Stored records =>

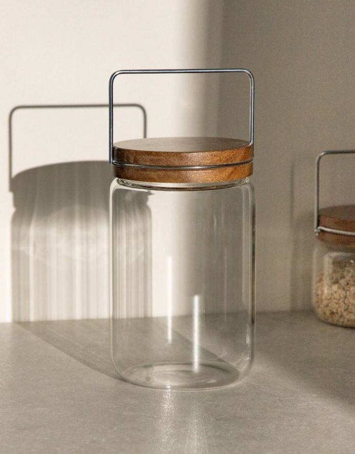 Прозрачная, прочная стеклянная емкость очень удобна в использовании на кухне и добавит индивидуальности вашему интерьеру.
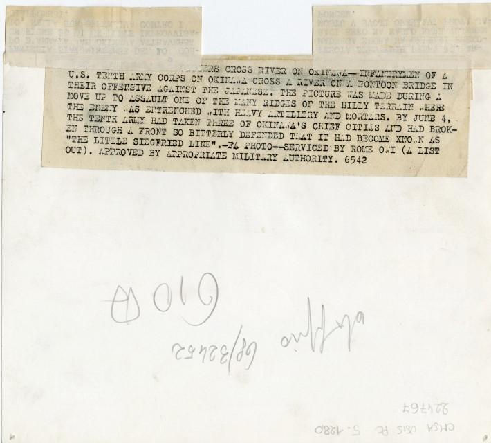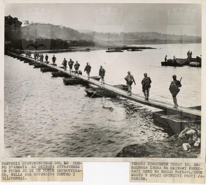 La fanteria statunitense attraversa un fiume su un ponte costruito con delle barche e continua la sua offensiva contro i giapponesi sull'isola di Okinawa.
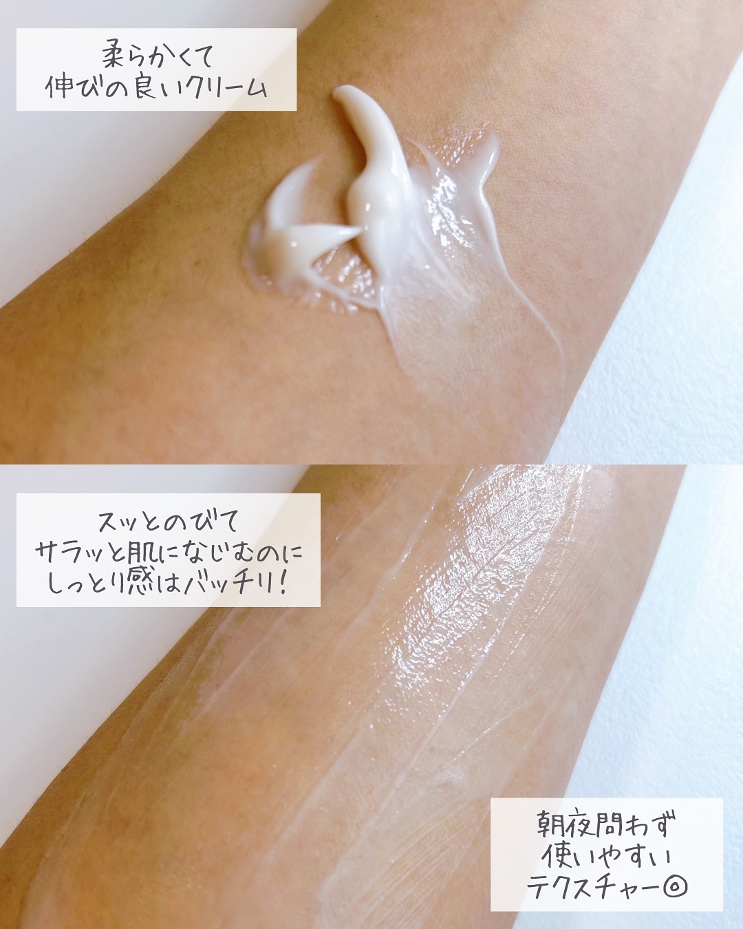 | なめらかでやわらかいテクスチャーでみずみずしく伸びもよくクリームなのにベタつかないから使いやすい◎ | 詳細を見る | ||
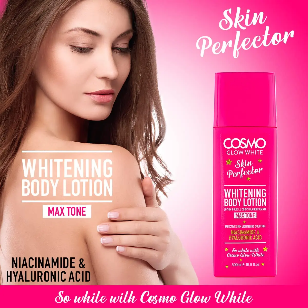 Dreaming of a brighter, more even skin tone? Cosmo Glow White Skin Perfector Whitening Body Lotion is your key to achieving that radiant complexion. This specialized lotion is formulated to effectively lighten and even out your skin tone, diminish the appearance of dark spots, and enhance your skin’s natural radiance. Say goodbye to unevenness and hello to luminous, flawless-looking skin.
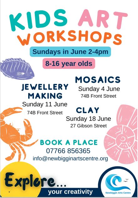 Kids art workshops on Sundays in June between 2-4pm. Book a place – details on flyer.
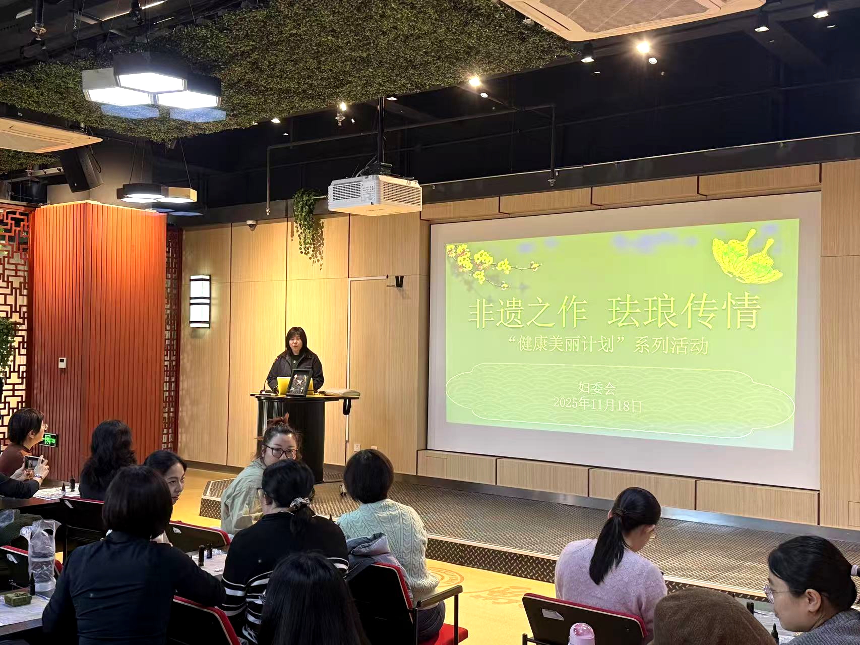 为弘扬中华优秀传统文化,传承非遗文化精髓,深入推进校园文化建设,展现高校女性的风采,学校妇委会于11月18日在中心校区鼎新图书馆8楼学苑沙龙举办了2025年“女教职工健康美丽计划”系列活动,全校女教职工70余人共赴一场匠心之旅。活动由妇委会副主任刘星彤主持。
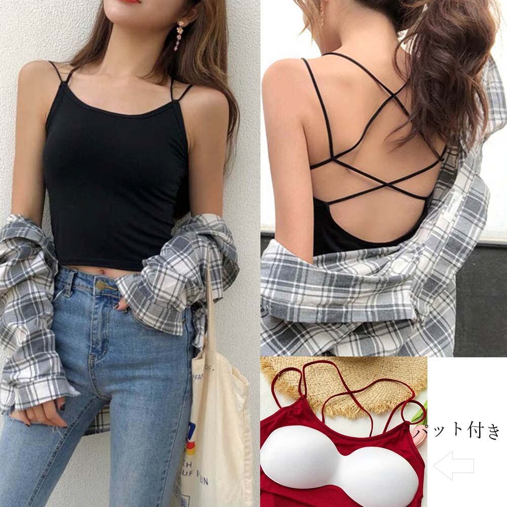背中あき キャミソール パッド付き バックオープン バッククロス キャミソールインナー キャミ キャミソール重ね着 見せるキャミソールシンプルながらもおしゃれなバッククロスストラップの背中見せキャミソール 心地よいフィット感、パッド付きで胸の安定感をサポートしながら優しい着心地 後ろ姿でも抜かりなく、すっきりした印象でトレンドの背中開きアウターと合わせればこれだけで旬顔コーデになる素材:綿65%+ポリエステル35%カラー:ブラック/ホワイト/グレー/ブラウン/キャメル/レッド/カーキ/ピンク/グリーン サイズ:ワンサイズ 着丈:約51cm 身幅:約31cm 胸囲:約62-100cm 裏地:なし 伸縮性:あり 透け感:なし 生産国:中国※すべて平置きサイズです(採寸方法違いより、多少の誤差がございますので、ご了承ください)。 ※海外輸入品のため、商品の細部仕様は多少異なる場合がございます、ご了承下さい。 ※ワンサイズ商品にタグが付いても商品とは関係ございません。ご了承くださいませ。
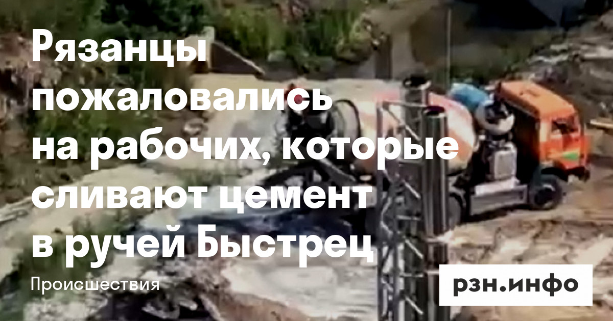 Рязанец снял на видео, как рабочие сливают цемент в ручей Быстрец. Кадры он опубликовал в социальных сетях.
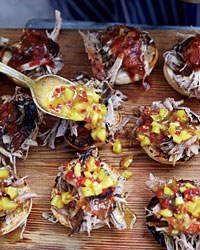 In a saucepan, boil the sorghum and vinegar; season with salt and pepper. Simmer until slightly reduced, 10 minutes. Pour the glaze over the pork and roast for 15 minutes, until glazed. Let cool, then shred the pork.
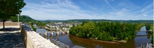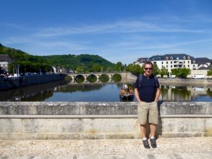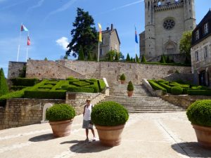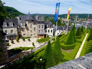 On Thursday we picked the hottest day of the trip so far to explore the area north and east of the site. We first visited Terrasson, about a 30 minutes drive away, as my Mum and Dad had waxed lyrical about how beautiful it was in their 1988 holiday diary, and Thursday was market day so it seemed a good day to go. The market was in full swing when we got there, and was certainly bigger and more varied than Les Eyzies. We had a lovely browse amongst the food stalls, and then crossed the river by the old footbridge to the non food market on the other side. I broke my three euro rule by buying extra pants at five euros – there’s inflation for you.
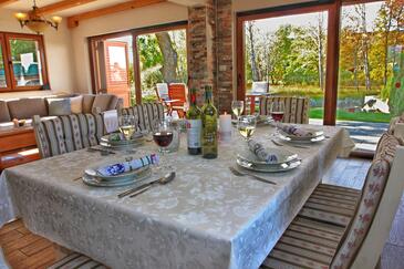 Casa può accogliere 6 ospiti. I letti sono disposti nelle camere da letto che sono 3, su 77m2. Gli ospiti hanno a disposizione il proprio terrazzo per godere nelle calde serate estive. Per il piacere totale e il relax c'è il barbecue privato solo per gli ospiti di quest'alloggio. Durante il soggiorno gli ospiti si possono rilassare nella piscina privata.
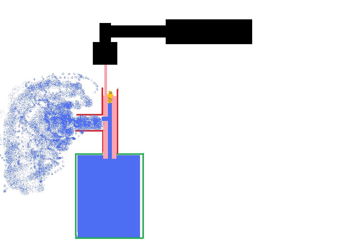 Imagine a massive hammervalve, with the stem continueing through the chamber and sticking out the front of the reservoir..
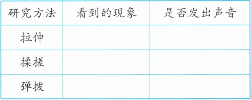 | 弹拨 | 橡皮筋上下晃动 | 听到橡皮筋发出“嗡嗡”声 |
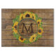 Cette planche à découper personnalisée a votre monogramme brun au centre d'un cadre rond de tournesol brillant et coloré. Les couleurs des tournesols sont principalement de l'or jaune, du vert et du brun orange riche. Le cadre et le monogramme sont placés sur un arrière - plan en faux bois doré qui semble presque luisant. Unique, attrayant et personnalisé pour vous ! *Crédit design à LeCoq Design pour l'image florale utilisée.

Aim of the exercise =>
The entries above need to be printed again exactly; please exclude all pictures.

Exercise solution =>
 Прозрачная, прочная стеклянная емкость очень удобна в использовании на кухне и добавит индивидуальности вашему интерьеру.
 La fanteria statunitense attraversa un fiume su un ponte costruito con delle barche e continua la sua offensiva contro i giapponesi sull'isola di Okinawa.
 | なめらかでやわらかいテクスチャーでみずみずしく伸びもよくクリームなのにベタつかないから使いやすい◎ | 詳細を見る | ||
 Dreaming of a brighter, more even skin tone? Cosmo Glow White Skin Perfector Whitening Body Lotion is your key to achieving that radiant complexion. This specialized lotion is formulated to effectively lighten and even out your skin tone, diminish the appearance of dark spots, and enhance your skin’s natural radiance. Say goodbye to unevenness and hello to luminous, flawless-looking skin.
 Kids art workshops on Sundays in June between 2-4pm. Book a place – details on flyer.
 为弘扬中华优秀传统文化,传承非遗文化精髓,深入推进校园文化建设,展现高校女性的风采,学校妇委会于11月18日在中心校区鼎新图书馆8楼学苑沙龙举办了2025年“女教职工健康美丽计划”系列活动,全校女教职工70余人共赴一场匠心之旅。活动由妇委会副主任刘星彤主持。
背中あき キャミソール パッド付き バックオープン バッククロス キャミソールインナー キャミ キャミソール重ね着 見せるキャミソールシンプルながらもおしゃれなバッククロスストラップの背中見せキャミソール 心地よいフィット感、パッド付きで胸の安定感をサポートしながら優しい着心地 後ろ姿でも抜かりなく、すっきりした印象でトレンドの背中開きアウターと合わせればこれだけで旬顔コーデになる素材:綿65%+ポリエステル35%カラー:ブラック/ホワイト/グレー/ブラウン/キャメル/レッド/カーキ/ピンク/グリーン サイズ:ワンサイズ 着丈:約51cm 身幅:約31cm 胸囲:約62-100cm 裏地:なし 伸縮性:あり 透け感:なし 生産国:中国※すべて平置きサイズです(採寸方法違いより、多少の誤差がございますので、ご了承ください)。 ※海外輸入品のため、商品の細部仕様は多少異なる場合がございます、ご了承下さい。 ※ワンサイズ商品にタグが付いても商品とは関係ございません。ご了承くださいませ。
 Рязанец снял на видео, как рабочие сливают цемент в ручей Быстрец. Кадры он опубликовал в социальных сетях.
 In a saucepan, boil the sorghum and vinegar; season with salt and pepper. Simmer until slightly reduced, 10 minutes. Pour the glaze over the pork and roast for 15 minutes, until glazed. Let cool, then shred the pork.
 On Thursday we picked the hottest day of the trip so far to explore the area north and east of the site. We first visited Terrasson, about a 30 minutes drive away, as my Mum and Dad had waxed lyrical about how beautiful it was in their 1988 holiday diary, and Thursday was market day so it seemed a good day to go. The market was in full swing when we got there, and was certainly bigger and more varied than Les Eyzies. We had a lovely browse amongst the food stalls, and then crossed the river by the old footbridge to the non food market on the other side. I broke my three euro rule by buying extra pants at five euros – there’s inflation for you.
 Casa può accogliere 6 ospiti. I letti sono disposti nelle camere da letto che sono 3, su 77m2. Gli ospiti hanno a disposizione il proprio terrazzo per godere nelle calde serate estive. Per il piacere totale e il relax c'è il barbecue privato solo per gli ospiti di quest'alloggio. Durante il soggiorno gli ospiti si possono rilassare nella piscina privata.
 Imagine a massive hammervalve, with the stem continueing through the chamber and sticking out the front of the reservoir..
 | 弹拨 | 橡皮筋上下晃动 | 听到橡皮筋发出“嗡嗡”声 |
 Cette planche à découper personnalisée a votre monogramme brun au centre d'un cadre rond de tournesol brillant et coloré. Les couleurs des tournesols sont principalement de l'or jaune, du vert et du brun orange riche. Le cadre et le monogramme sont placés sur un arrière - plan en faux bois doré qui semble presque luisant. Unique, attrayant et personnalisé pour vous ! *Crédit design à LeCoq Design pour l'image florale utilisée.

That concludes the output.